* _Task data_:
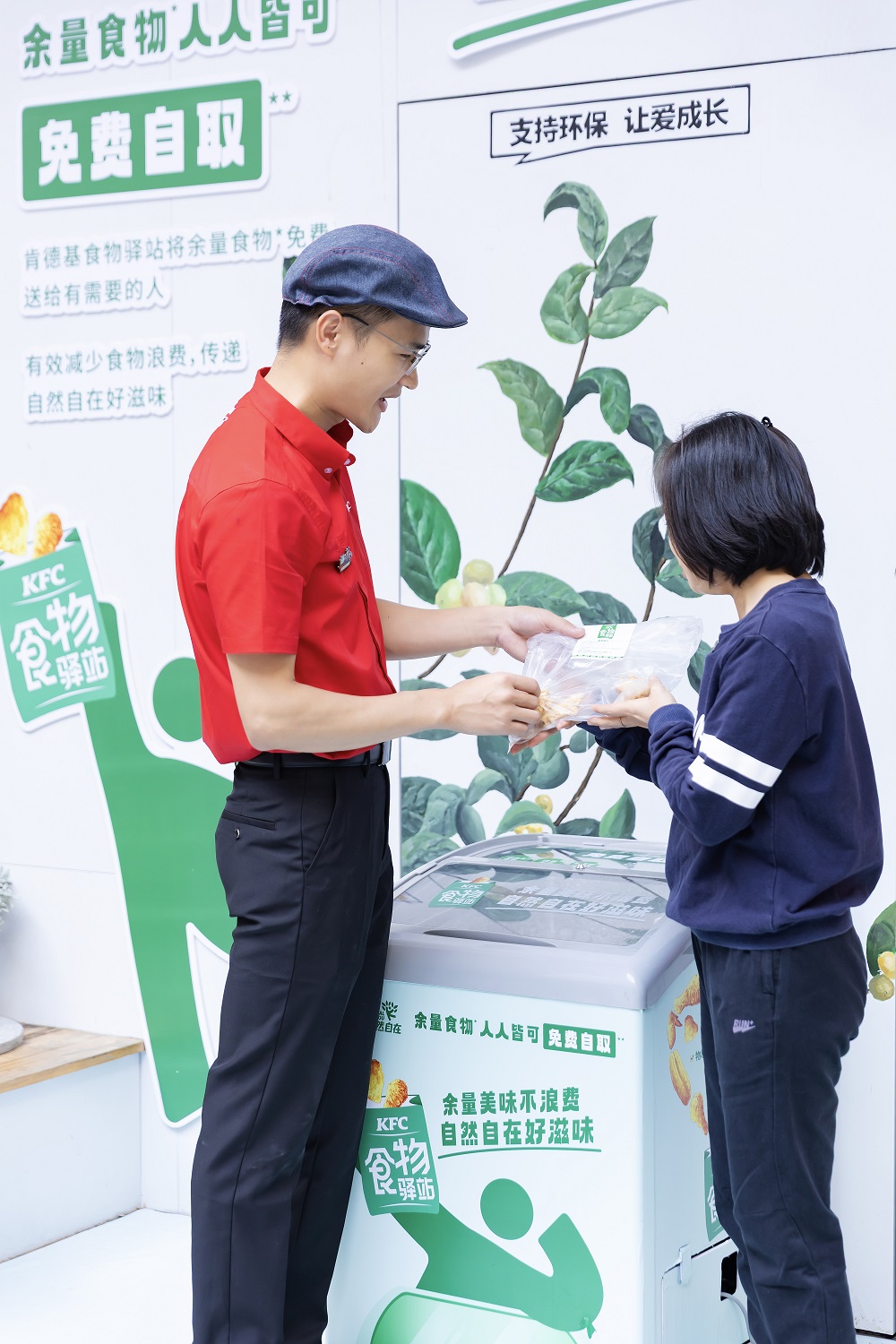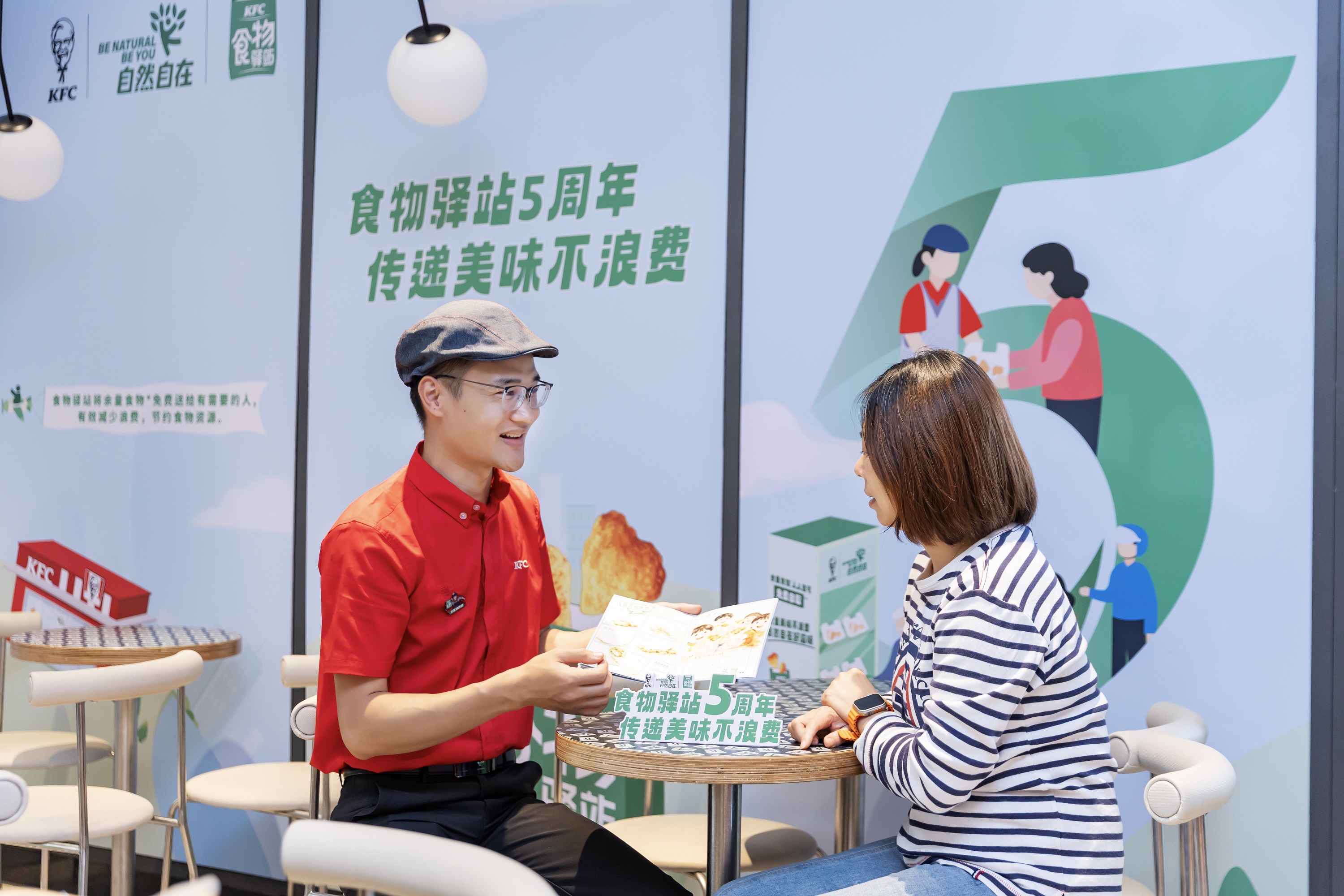 在全国首批食物驿站广州淘金肯德基餐厅,餐厅经理黄永立提供了可行性建议助力项目落地。“项目初期不少居民对免费食物概念不熟悉,我和餐厅伙伴一起和社区居民宣导。”食物驿站启动后,永立持续向周边社区积极传递余量食物不浪费理念,并推动开展主题儿童科普活动。“下班来取一份余量食物,心里踏实又暖和。”家住附近社区的陈师傅是食物驿站的老熟人,谈及这五年的陪伴,他满脸感慨,“节约粮食的做法非常好,值得推广。”这份来自社区的心声,正是食物驿站五年来不计其数的温暖故事——让节约粮食的理念走进日常,为低碳环保注入温情力量。
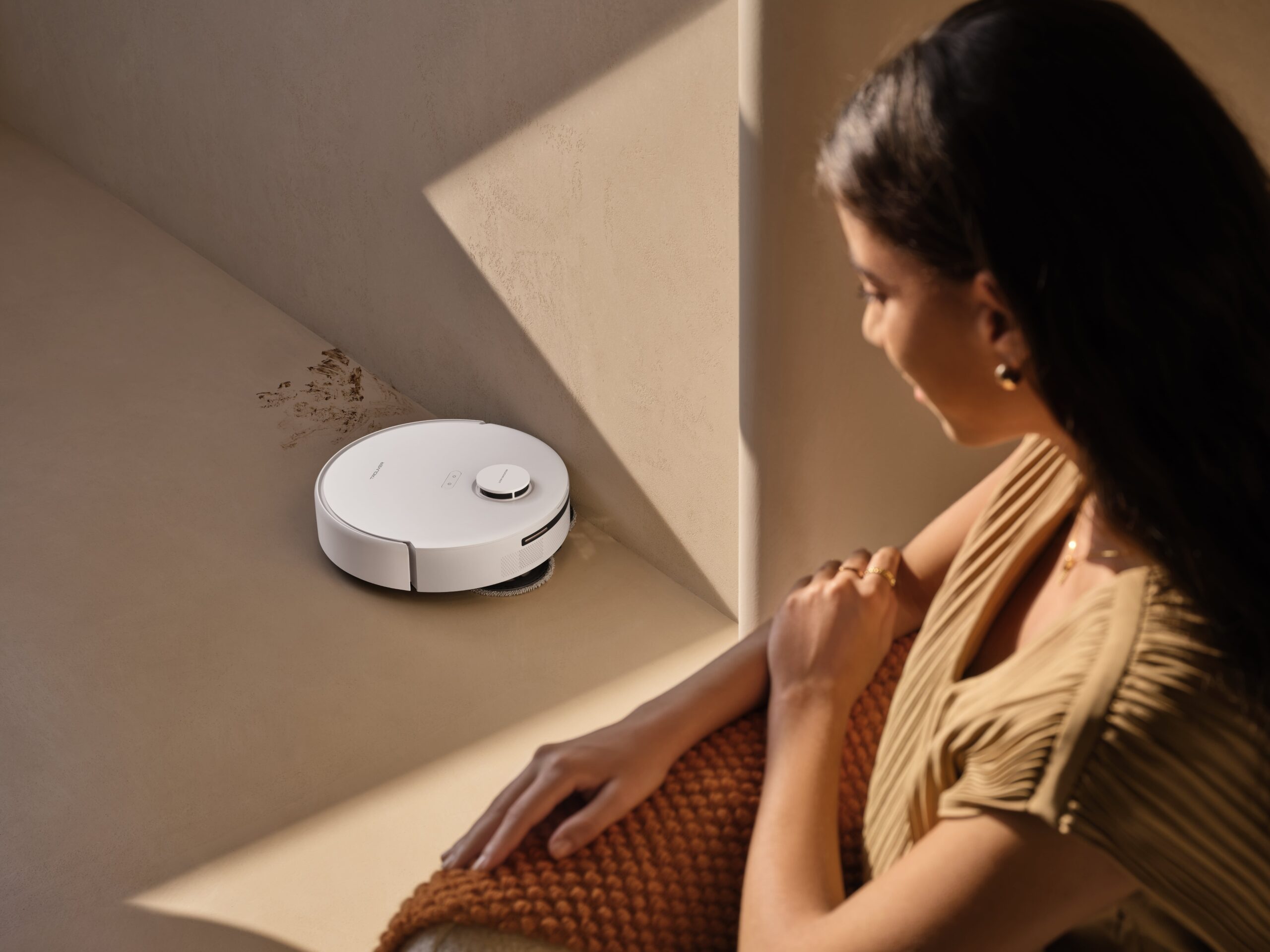 Базовая станция берет на себя простые, но важные задачи: после уборки робот возвращается на базу, где швабры автоматически промываются и сушатся теплым воздухом. Пользователю не нужно разбираться в настройках или что-то запускать вручную — все происходит само по себе.
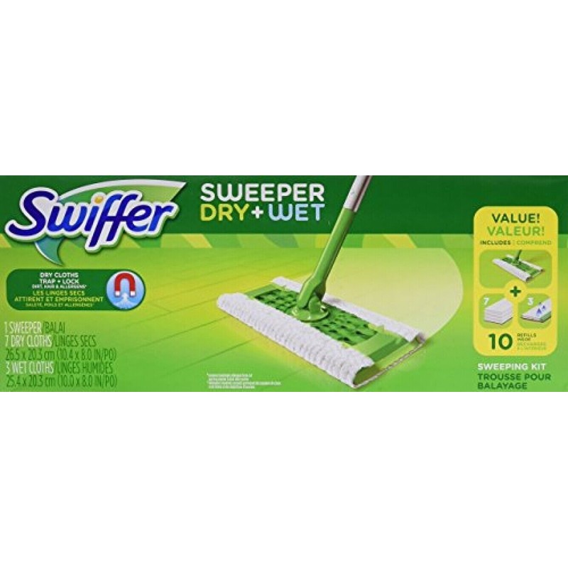 Swiffer Sweeper Floor Mop Starter Kit -- 6 per case. With a one two cleaning punch, Swiffer Sweeper is designed to sweep and mop your floors. Thick dry sweeping cloths conform to the surface of your floors and grout lines, trapping and locking dirt. Wet mopping cloths dissolve dirt and grime for good, trapping it in its core and locking it away. Do not use Swiffer Sweeper wet cloths on unfinished, oiled, or waxed wooden boards, non sealed tiles or carpeted floors. Some assembly required. Satisfaction Guaranteed or Your Money Back Via Prepaid Card. Visit http//www.swiffer.com/our commitment to clean/money back guarantee Dry cloths have 3X Cleaning Action on Dirt, Dust and Hair Textured wet mopping cloths dissolve dirt and grime and lock it away When you run out, save your Sweeper and buy more wet and dry cloth refills Starter kit includes 1 Sweeper, 7 dry sweeping cloths, 3 wet mopping cloths. Avoid Accidents Keep out of the reach of children and pets to avoid accidental ingestion. Swiffer Wet. In case of eye contact or prolonged exposure to skin, flush with water to reduce irritation. If irritation persists, call a physician. Avoid exerting excessive pressure on mop pole as breakage may occur. Do not use Swiffer Sweeper wet mopping cloths on unfinished, oiled or waxed wooden boards, non sealed tiles or carpeted floors because they may be water sensitive. Connect Poles, Attach Refill, Clean, Remove refill when dirty
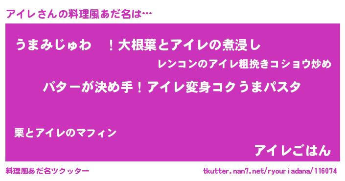 | ヘコむあだ名 | 『なまこ酢』『アイレ(笑)』『アイを』 |
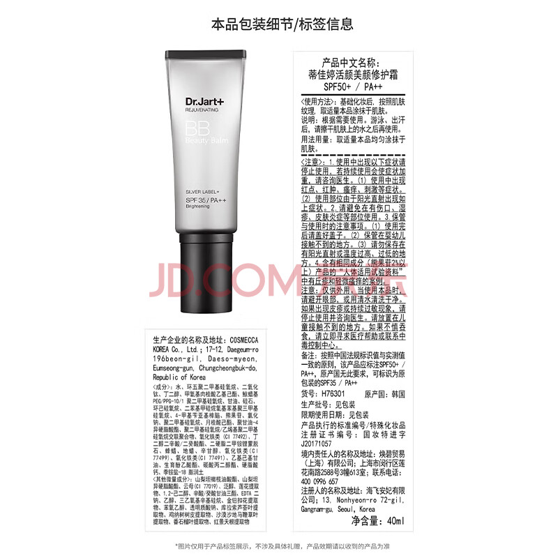 商品相册:蒂佳婷(Dr.Jart)银管BB霜40ml 粉底遮瑕防晒三合一持证美白 保湿提亮 生日礼物第
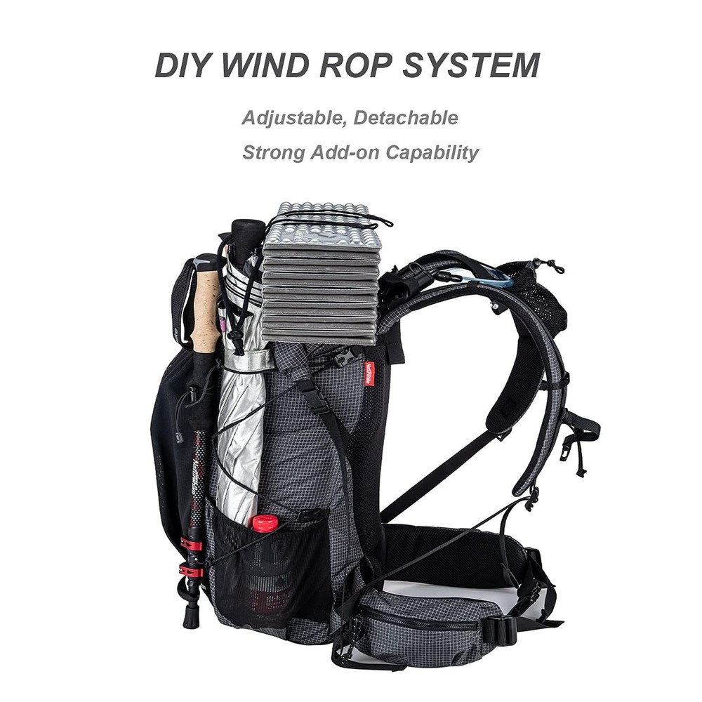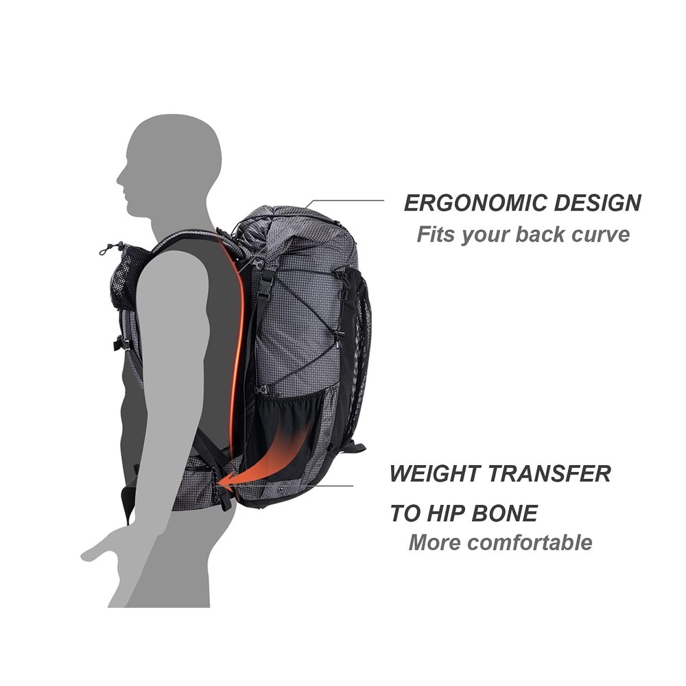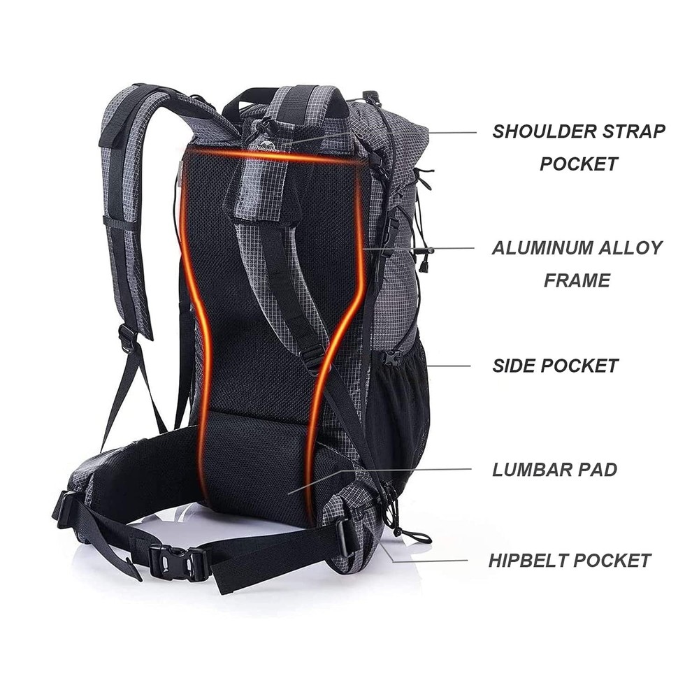 Hiking Camping Backpack 45L/65L Lightweight Internal Frame with Rain Cover for Backpacking Outdoor Sports LARGE CAPACITY & LIGHTWEIGHT: The Rock Series Backpacks have two capacities available: 40+5L and 60+5L, which meet most people's needs. For every hiker, every gram counts so we focus on providing lightweight camping gear. Our 40+5L backpack is only 2.73lbs, 60+5L backpack is only 2.93lbs, making your hiking trips more enjoyable. HIGH-QUALITY FABRIC: These mountaineering rucksacks are made of high-quality 420D nylon for durability and scratch resistance. They are water repellent, which means not completely waterproof, so we have a rain cover inside the bottom pocket in case you catch a sudden rain while hiking. ERGONOMIC DESIGN: Ergonomically designed back pad and thick shoulder pad scientifically reduce back pressure. The back pad has a mesh structure breathable and comfortable even if you carry a backpack for a long time you will not feel tired. MULTI-POCKETS & DIY WINDROPE SYSTEM: Our backpacks have multiple pockets to store lots of camping gear. A large open mesh pocket on the back of the backpack allows you to quickly access and store stuff. If you need extra space, you can also bind things such as trekking poles or sleeping bags firmly with compression straps on the top and both sides of the backpack. 100% SATISFACTORY: Reach out to our amazing product support team by email if you have any questions or concerns. We will respond to you within 24 hours.
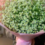 Лента атласная - 2 шт. Ромашка кустовая - 49 шт. Упаковка дизайнерская - 8 шт. Открыточка с вашими пожеланиями - 1 шт.
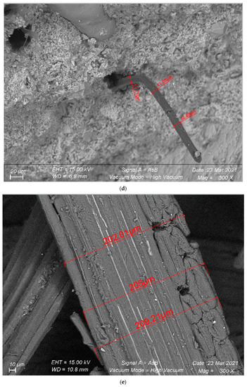 One of the important parameters discussed throughout this article is the aspect ratio (AR: length/diameter); it is thus presented in Table 6. The AR was calculated by taking into account the actual length of the fibers (Table 1) and the average diameter calculated from the SEM images taken for each fiber in its raw state and with the fiber embedded in the mortar.
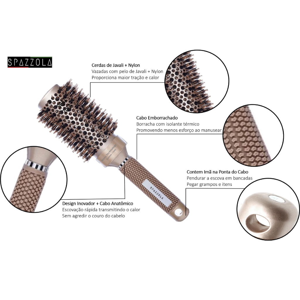 A Escova Profissional SPAZZOLA Vazada + Pelo de Javali é de origem Italiana, confeccionada com matéria prima selecionada, não agride o couro cabeludo e não quebra o cabelo, é resistente ao calor e as substâncias químicas, trazendo qualidade e durabilidade. Este tipo de escova Cerdas de javali com seu corpo Vazado foi desenvolvida em nosso laboratório para agilizar a tração na escovação trazendo o mesmo aspecto de uma escova convencional porem transmitindo o mesmo calor de uma vazada, pode ser usada com produtos químicos: progressivas, relaxamentos tinturas entre outros... São Resistentes a qualquer tipo de calor reduz a quebra, agilizando a secagem e reduzindo o frizz dos fios. As Escovas de cabelo Vazada + Pelo de Javali Spazzola possuem suas cerdas sintéticas de Nylon + pelo de javali, unindo a durabilidade do material sintético e a alta performance do pelo de javali. Cabo revestido com borracha antiderrapante que proporciona uma pegada anatômica trazendo conforto e agilidade no uso para todos os profissionais. Possui Imã na ponta para pegar grampos e pendurar em bancadas, agilizando a praticidade e rapidez. Você terá em mãos a nossa escova mais completa de primeira linha, perfeita para escovar e finalizar todos os tipos de cabelo. Você vai receber: 1- Kit com 3 escovas Vazadas SPAZZOLA Pelo de javali. Contendo: 1x Escova 25,0cmx5,0cm Peso: 41,2g 1x Escova 25,0cmx6,2cm Peso: 60,8g 1x Escova 25,0cmx7,8cm Peso: 74,1g

* _Task statement_: Look back at the data above, then output exactly the lines from the line holding "ヘコむあだ名 | 『なまこ酢』『アイレ(笑)』『アイを』 |" up to and including the line holding "商品相册:蒂佳婷(Dr.Jart)银管BB霜40ml 粉底遮瑕防晒三合一持证美白 保湿提亮". Leave out the pictures.

* _Output of the exercise_:
 | ヘコむあだ名 | 『なまこ酢』『アイレ(笑)』『アイを』 |
 商品相册:蒂佳婷(Dr.Jart)银管BB霜40ml 粉底遮瑕防晒三合一持证美白 保湿提亮 生日礼物第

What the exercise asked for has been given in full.